START Dataset excerpt
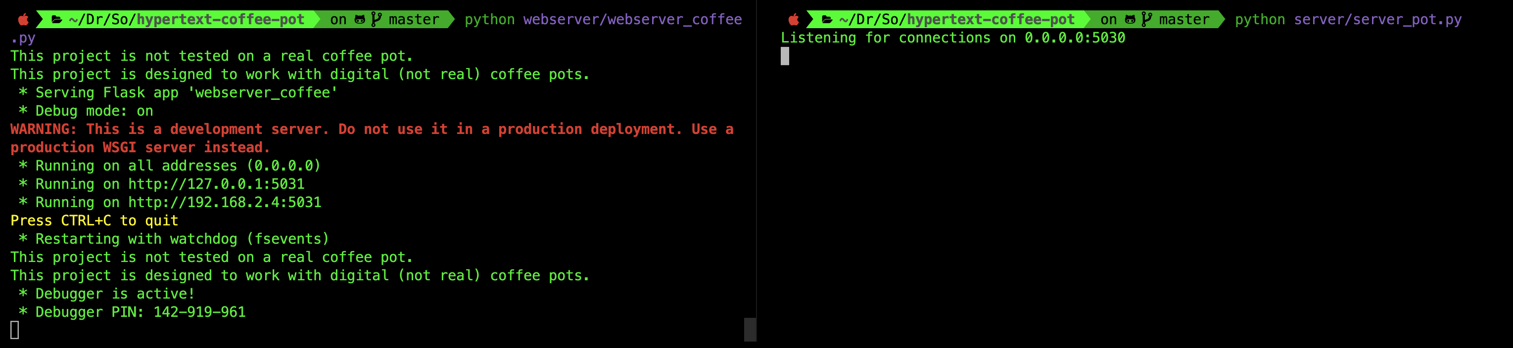 You can them on two separate terminal sessions. First, spawn the coffee pot server:
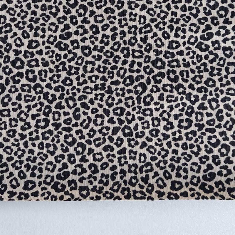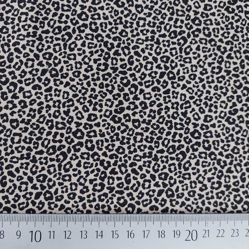 Ein beiger Jerseystoff aus Baumwolle bedruckt mit kleinem schwarzen Leopardenmuster. Diese Farbkombination gibt dem Stoff extra Coolness und macht den Stoff zu etwas ganz Besonderem.
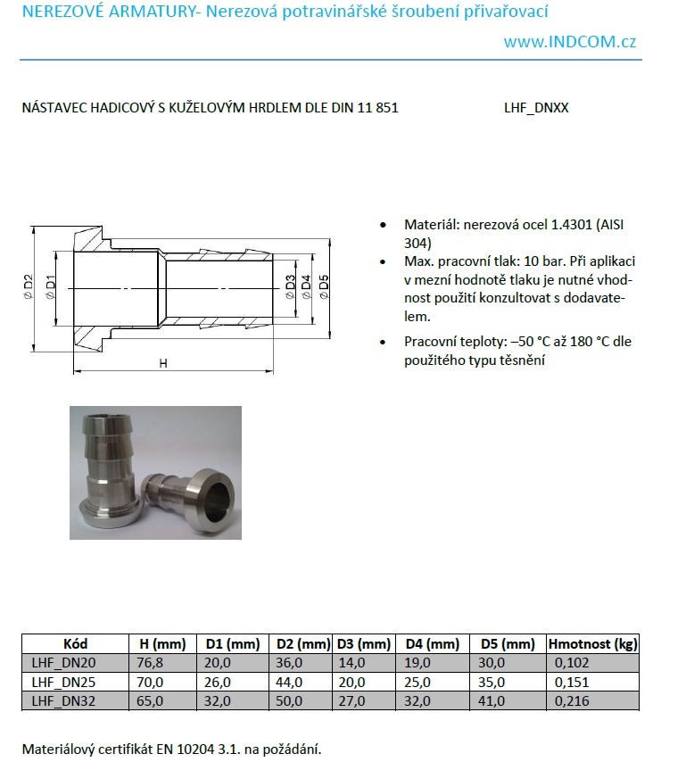 Nástavec hadicový s kuželovým hrdlem DIN 11851
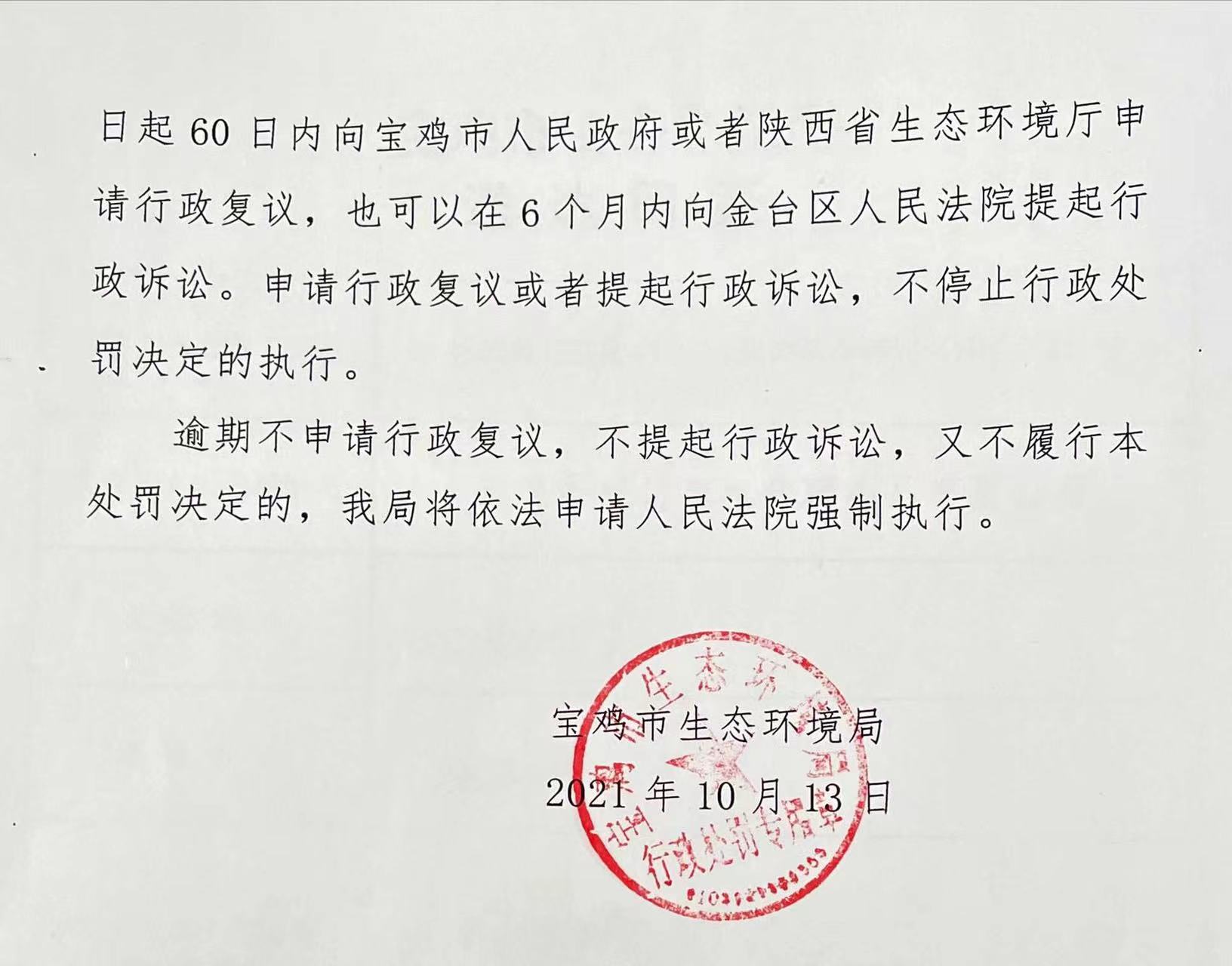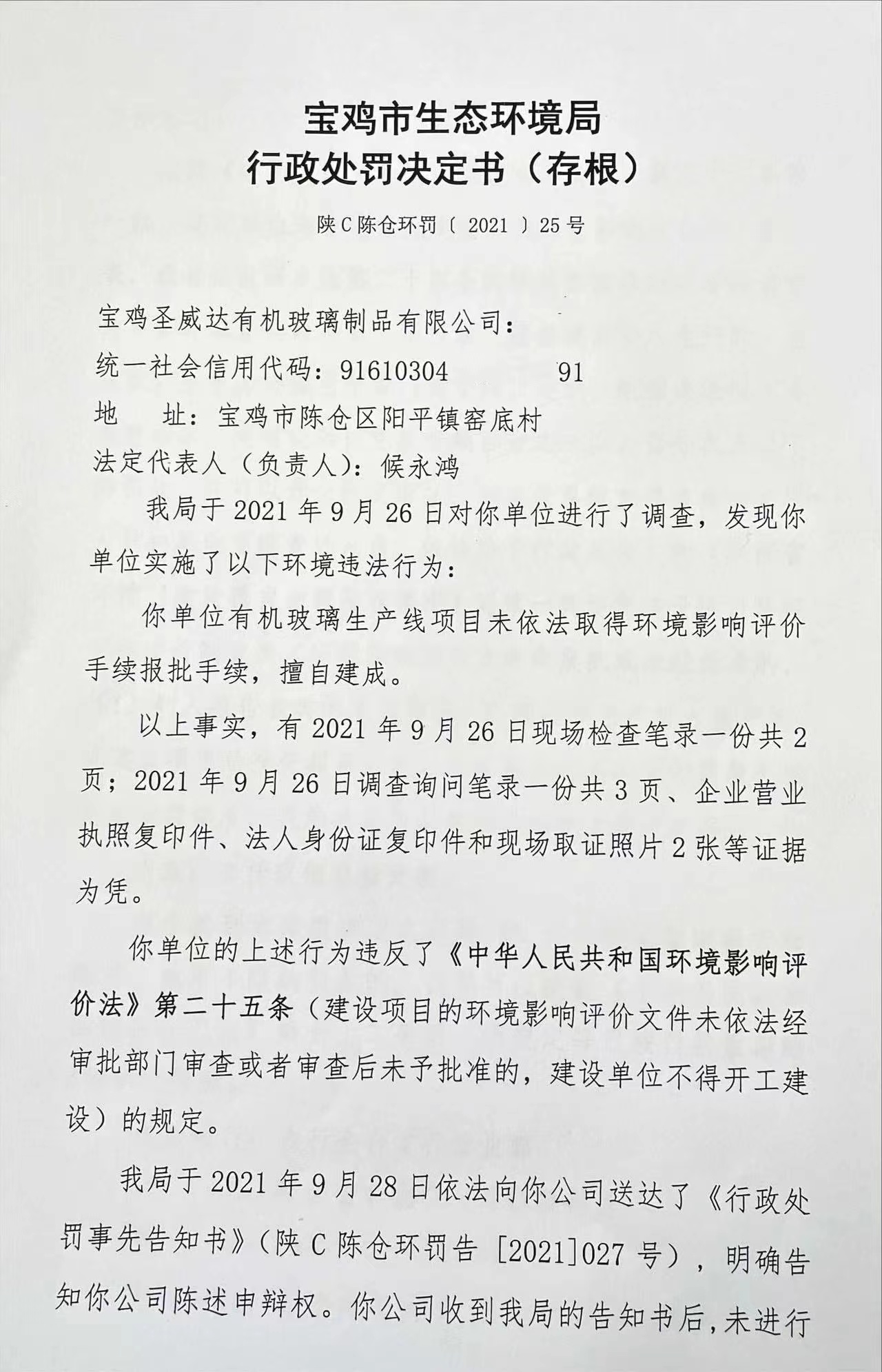 十大网赌平台排行榜 行政处罚决定书(存根) 陕C陈仓环罚〔 2021 〕25号
END Dataset excerpt
Task item: Omit the pictures, then retype the remaining material without a single change.

Solution for this problem:
 You can them on two separate terminal sessions. First, spawn the coffee pot server:
 Ein beiger Jerseystoff aus Baumwolle bedruckt mit kleinem schwarzen Leopardenmuster. Diese Farbkombination gibt dem Stoff extra Coolness und macht den Stoff zu etwas ganz Besonderem.
 Nástavec hadicový s kuželovým hrdlem DIN 11851
 十大网赌平台排行榜 行政处罚决定书(存根) 陕C陈仓环罚〔 2021 〕25号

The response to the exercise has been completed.